Panen Benih Padi Inpari Ir Nutrizinc, Upaya Distanak Sultra Cegah Stunting
Melalui penanaman benih padi biofortifikas varietas Inpari Ir Nutrizinc, Dinas Tanaman Pangan dan Peternakan (Distanak) Provinsi Sulawesi Tenggara (Sultra) berupaya mencegah adanya stunting di Sulawesi Tenggara.
Sebelumnya Dinas Tanaman Pangan dan Peternakan (Distanak) Provinsi Sulawesi Tenggara (Sultra) telah melakukan panen puluhan ton bibit padi varietas Inpari Ir Nutrizinc di Kecamatan Kolaka Kabupaten Kolaka, Kamis 12 Oktober 2023.
Kepala Distanak Sultra La Ode Rusdin Jaya mengatakan, benih padi biofortifikas Inpari Ir Nutrizinc ini dapat berperan dalam mencegah adanya stunting karena memiliki nutrisi yang tinggi di dalamnya.
Kata dia, kandungan zinc pada varietas ini lebih tinggi dibanding varietas lainnya yang dapat mencapai 34,51 ppm.
“Kandungan zinc ini sangat berperan penting dalam mencegah stunting. Nutrisi tinggi karbohidratnya rendah jadi bayi-bayi yang konsumsi ini (benih padi biofortifikas Inpari Ir Nutrizinc) akan memiliki nutrisi yang tinggi,” katanya saat ditemui di ruangnya, Jumat 13 Oktober 2023.
Langkah tersebut sebagai salah satu upaya nyata Dinas Tanaman Pangan dan Peternakan Provinsi Sulawesi Tenggara untuk terus hadir di tengah-tengah petani agar ketersediaan pangan tetap terjaga, terlebih lagi dalam kondisi El Nino yang sedang melanda saat ini.
Iklan oleh Google
Ia menyebut, saat melakukan panen di Kecamatan Kolaka Kabupaten Kolaka seluas 10 hektare dengan menghasilkan 25 ton benih padi Inpari Ir Nutrizinc.
“Panen kemarin sudah 25 ton dan itu nanti kita bagi-bagi,” ujarnya.
Ia mengungkapkan saat ini pihaknya sudah mendistribusikan benih padi tersebut di beberapa wilayah di Sulawesi Tenggara yakni Kabupaten Kolaka, Buton, Konawe Selatan, Bombana, serta Kolaka Utara.

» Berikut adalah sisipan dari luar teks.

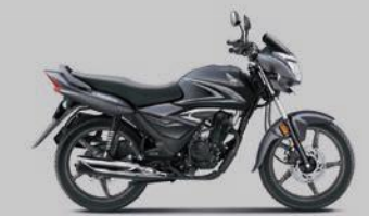
GENY GREY METALLIC

“Di Kabupaten Kolaka sebesar 6,25 ton untuk 250 ha, Kabupaten Buton sebesar 2,5 ton untuk 100 ha, Kabupaten Konawe Selatan sebesar 6,25 ton untuk 250 ha, Kabupaten Bombana sebesar 6,25 ton untuk 250 ha serta Kabupaten Kolaka Utara sebesar 3,75 ton untuk 150 ha,” ungkapnya.
Menurutnya di tengah terjadinya kondisi El Nino yang melanda saat ini, panen benih padi ini berhasil dilakukan sebagai upaya penanggulangan dampak perubahan iklim.
“Melalui adaptasi ini, pola penanaman melalui percepatan penanaman guna menghindari dampak kekeringan di periode kritis pertumbuhan tanaman,” pungkasnya. (Ahmad Odhe/yat)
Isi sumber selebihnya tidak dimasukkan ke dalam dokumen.